Newly filed federal legislation has put medical malpractice reform at the center of a national debate. H.R. 5, the Help Efficient, Accessible, Low-Cost, Timely Healthcare Act (HEALTH) filed in January 2011, could impact the actions brought in state courts for medical malpractice. The HEALTH Act would preempt certain aspects of state law, and set a cap on non-economic damages for medical malpractice.

While some states have already implemented statewide medical malpractice tort reform, this law has the potential to limit state actions even further.

Medical malpractice reform has been touted as a solution to curb healthcare costs. States have massed sweeping changes that among other things limit a plaintiff’s non-economic damages. These caps fall anywhere from $250,000 to $500,000.

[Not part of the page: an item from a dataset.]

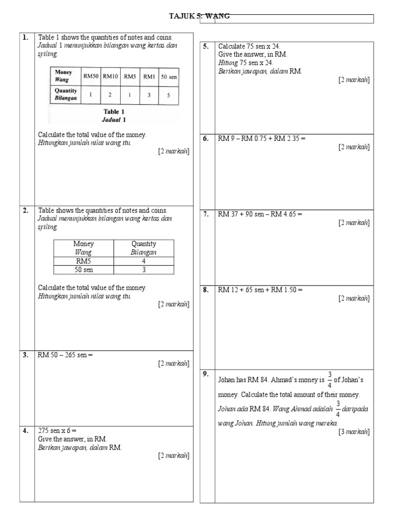 Soalan Bahagi Wang Tahun 3 14 Descargar

The legality of these reforms is widely contested. In Texas, a constitutional challenge regarding the cap has been brought to the state Supreme Court. In Georgia, the state Supreme Court let stand a jury’s ruling that in essence nullified the Georgia law on maximum liability. The jury returned a verdict with damages exceeding the cap.

While the virtues of medical malpractice reform are debated as the answer to skyrocketing healthcare costs, medical malpractice attorneys argue that it limits their client’s rights and does little to reign in negligent behavior on the part of medical providers. The attorneys contend that it merely takes away the ability to hold medical professionals to a standard of care and discourages patients from reporting negligent actions, further jeopardizing patient health and safety.

As the federal law moves through Congress, the debate will continue over whether the new reform will ease the growing economic burden of health care or simply limit patient’s rights.